Using a parameterized Parse and then using Bind to pass the actual
parameter values is a cleaner mapping from the JDBC PreparedStamement
interface than directly substituting parameter values into the query
itself. It also lets the driver pass the parameters in a binary form
which is a big win for some parameter types e.g. bytea. And we don't
have to play games with the parser to get a parameter type that reflects
what was specified at the JDBC level.

However it seems to interact badly with the query planner; where the
planner would usually make a decision based on the selectivity of an
index for a particular parameter value, it instead falls back to the
more general case. For example, given this scenario:

> create table test_big (value int);
> insert into test_big values (1);
> insert into test_big select * from test_big;
> insert into test_big select * from test_big;
> insert into test_big select * from test_big;
> insert into test_big select * from test_big;
> insert into test_big select * from test_big;
> insert into test_big select * from test_big;
> insert into test_big select * from test_big;
> insert into test_big select * from test_big;
> insert into test_big select * from test_big;
> insert into test_big select * from test_big;
> insert into test_big select * from test_big;
> insert into test_big select * from test_big;
> insert into test_big select * from test_big;
> insert into test_big select * from test_big;
> insert into test_big select * from test_big;
> insert into test_big select * from test_big;
> insert into test_big select * from test_big;
> insert into test_big select * from test_big;
> insert into test_big select * from test_big;
> insert into test_big select * from test_big;
> insert into test_big values (2);
> create index test_big_index on test_big(value);
> vacuum analyze verbose test_big;

i.e. a large index where all but one row has the same value, I get these
results:

1. SELECT count(*) FROM test_big WHERE value = 1: ~2500ms (seqscan)
2. SELECT count(*) FROM test_big WHERE value = 2: ~1.0ms (index scan)

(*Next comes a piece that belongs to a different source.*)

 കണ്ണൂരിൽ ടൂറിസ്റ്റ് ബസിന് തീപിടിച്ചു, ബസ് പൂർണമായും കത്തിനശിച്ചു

3. SELECT count(*) FROM test_big WHERE value = $1, type of $1 is int4:
3a. Bind $1 to a text-format value "1": ~2500ms (as expected)
3b. Bind $1 to a text-format value "2": ~1450ms (looks like a seqscan!)

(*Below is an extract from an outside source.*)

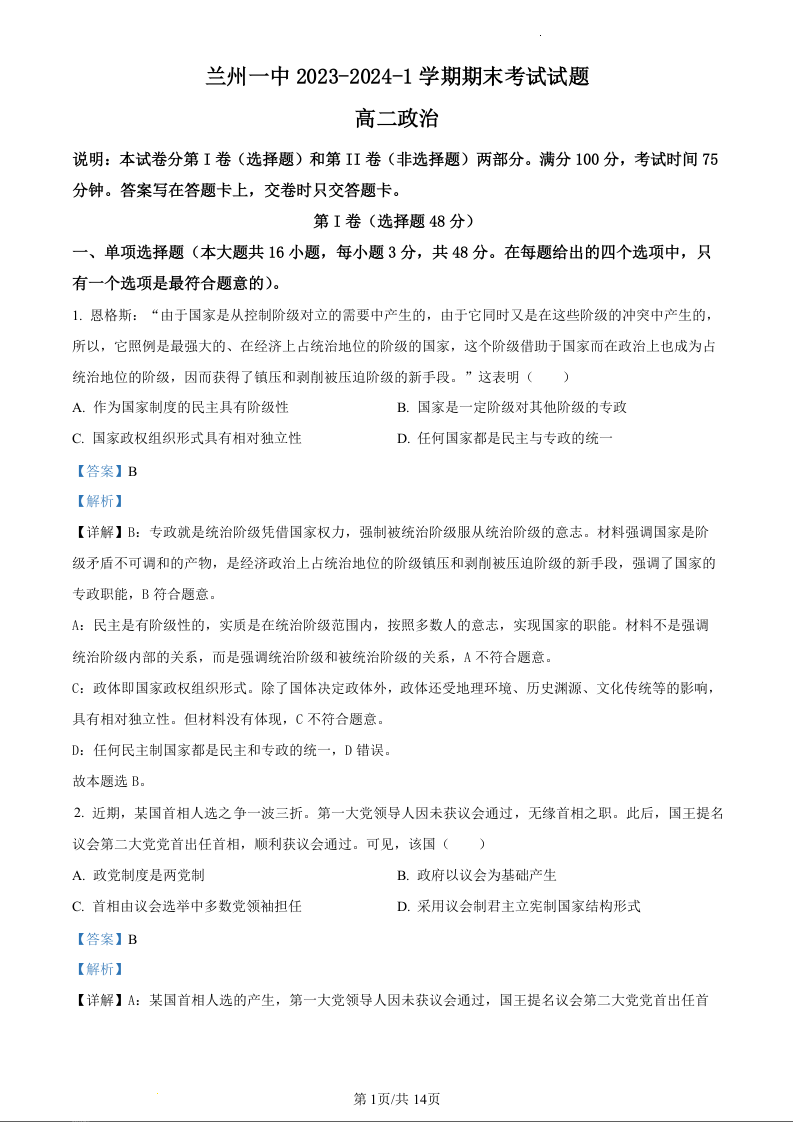 甘肃省兰州市城关区第一中学2023-2024学年高二上学期1月期末考试政治(精品解析版)

For 3a/3b, the driver is sending this:

> FE=> Parse(name=_JDBC_1, query="SELECT count(*) FROM test_big WHERE value = $1", oids={23})
> FE=> Bind(name=_JDBC_1, $1=1)
> FE=> Describe
> FE=> Execute(limit=0)
> FE=> ClosePortal
> FE=> Sync

This is a bit of a barrier to using Parse/Bind by default. Ideally, I'd
like a way to say "don't plan this query until you have actual parameter
values" and have that turned on by default, but I can't find a way to do
that in the v3 protocol.

The existing strategy of doing parameter replacement on the driver side
works, but we lose the benefits of passing parameters via Bind.

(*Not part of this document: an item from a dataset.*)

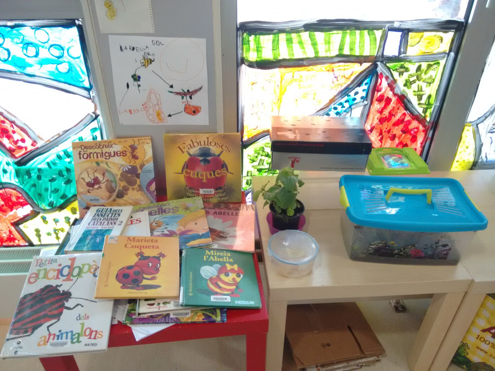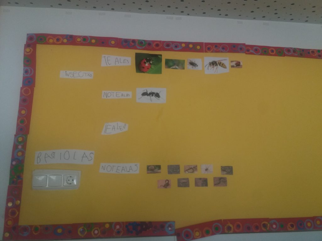 Han portat molts contes, petits murals i fins i tot terraris amb insectes i bestioles vives, això ens ha donat peu a investigar quins són insectes i quins no. a traves de la informació dels llibres hem descobert que els insectes han de tenir cos, tòrax i abdomen, quatre ales, dues antenes i sis potes. Tenim encara dubtes, per què hi ha algunes formigues que tenen a ales i altres no. Investigarem…

Making the strategy configurable (per query? per connection?) is another
possibility, but that means another postgresql-specific JDBC extension
to tune depending on what your queries look like. We'd also have two
separate code paths, which has caused problems in the past (e.g. the
parameters may end up differently typed depending on which path is used).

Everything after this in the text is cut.